I like the new look thought I thought I was at the wrong site for a minute there. I would also recommend a password manager so you don't have to struggle having to remember them all.


----------



## surabi (Jan 1, 2017)

mattoleriver said:


> Here's an example of what I see.
> 
> View attachment 98588



Install Ad Blocker. I don't see any of that.


----------



## surabi (Jan 1, 2017)

NCas said:


> I like the new look thought I thought I was at the wrong site for a minute there. I would also recommend a password manager so you don't have to struggle having to remember them all.


I think most people save their passwords on their computer so they just autofill. The only passwords I don't do that for are banking sites, just for security reasons in case someone stole my laptop, although that's very unlikely. I also have my passwords written down in a little book stashed away.


----------



## TundraGreen (Jul 15, 2010)

surabi said:


> I think most people save their passwords on their computer so they just autofill. The only passwords I don't do that for are banking sites, just for security reasons in case someone stole my laptop, although that's very unlikely. I also have my passwords written down in a little book stashed away.

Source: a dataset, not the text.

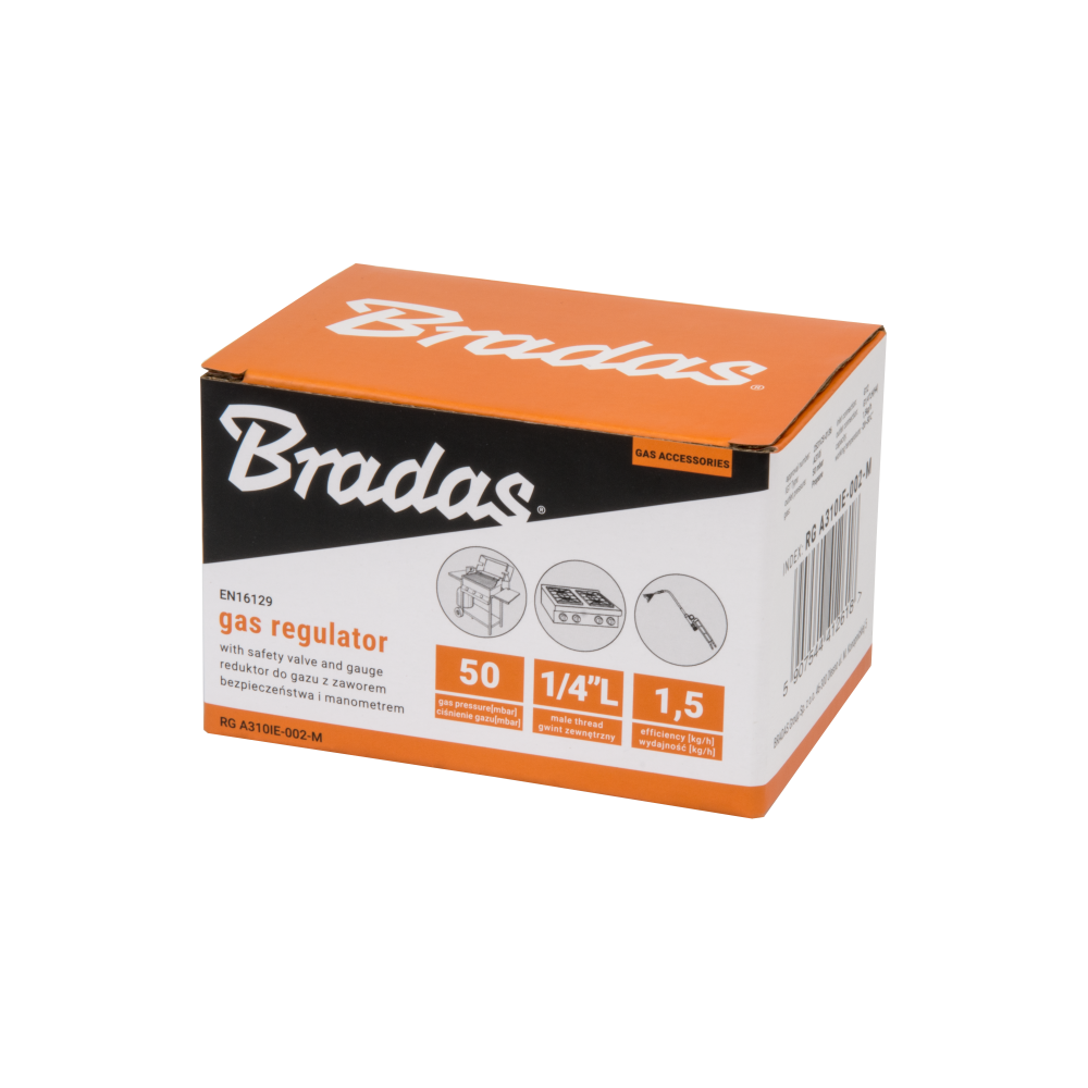 Reduktor gazowy 50mbar, 1,5kg/h, z zaworem bezpieczeństwa i manometrem, GZ 1/4" L

The advantage of a password manager is that the passwords can be very long and random and hence more secure. All of my passwords have 25 totally random characters. It would be a pain to type them if they weren't stored in a password manager, instead I just copy and paste.

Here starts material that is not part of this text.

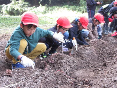 この活動を通して、子どもたちは、異学年の仲間と協力しながら作業を進める中で「協力する力」を、 どう掘ればうまくいくかを考えながら取り組む中で「考える力」を、 そして、苗植えから収穫までの長い道のりをやり遂げる中で「やり抜く力」を、しっかりと育んでいきました。

Your system of not letting the browser store banking passwords is wise. Also, never use the same password for two different sites.


----------



## surabi (Jan 1, 2017)

I still don't understand why you'd need a separate password manager when your computer browser will save them for you. It doesn't mater how long or random they are, you can still save them in your browser password manager, there's no need to copy and paste anything.


----------



## TundraGreen (Jul 15, 2010)

surabi said:


> I still don't understand why you'd need a separate password manager when your computer browser will save them for you. It doesn't mater how long or random they are, you can still save them in your browser password manager, there's no need to copy and paste anything.

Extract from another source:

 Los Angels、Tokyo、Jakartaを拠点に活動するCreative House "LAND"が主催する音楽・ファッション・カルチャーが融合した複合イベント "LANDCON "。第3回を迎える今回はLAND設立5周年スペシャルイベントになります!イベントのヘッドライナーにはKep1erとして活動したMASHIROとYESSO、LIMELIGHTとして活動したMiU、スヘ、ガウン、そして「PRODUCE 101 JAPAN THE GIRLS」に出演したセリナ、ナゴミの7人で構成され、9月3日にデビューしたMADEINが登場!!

Like you, I don't let the browser store banking passwords. Also I use different browsers frequently, so I might be visiting a site with a different browser than previously. But mainly, I need a place to keep track of passwords. If your book works for you that is fine. Anything is better than using some short easy-to-remember password like many people do.

I actually store a lot of other information in my password manager in addition to passwords and usernames: banking acct numbers, credit/debit card numbers, expiration dates, ccvs, ssn, property tax id. It is a one-stop location for a lot of personal information that I don't want visible to others.


----------



## Isla Verde (Oct 19, 2011)

surabi said:


> I think most people save their passwords on their computer so they just autofill. The only passwords I don't do that for are banking sites, just for security reasons in case someone stole my laptop, although that's very unlikely. I also have my passwords written down in a little book stashed away.


All of my passwords are slight variations on a secret theme. I keep them in a little black book I used to use for addresses and phone numbers.


----------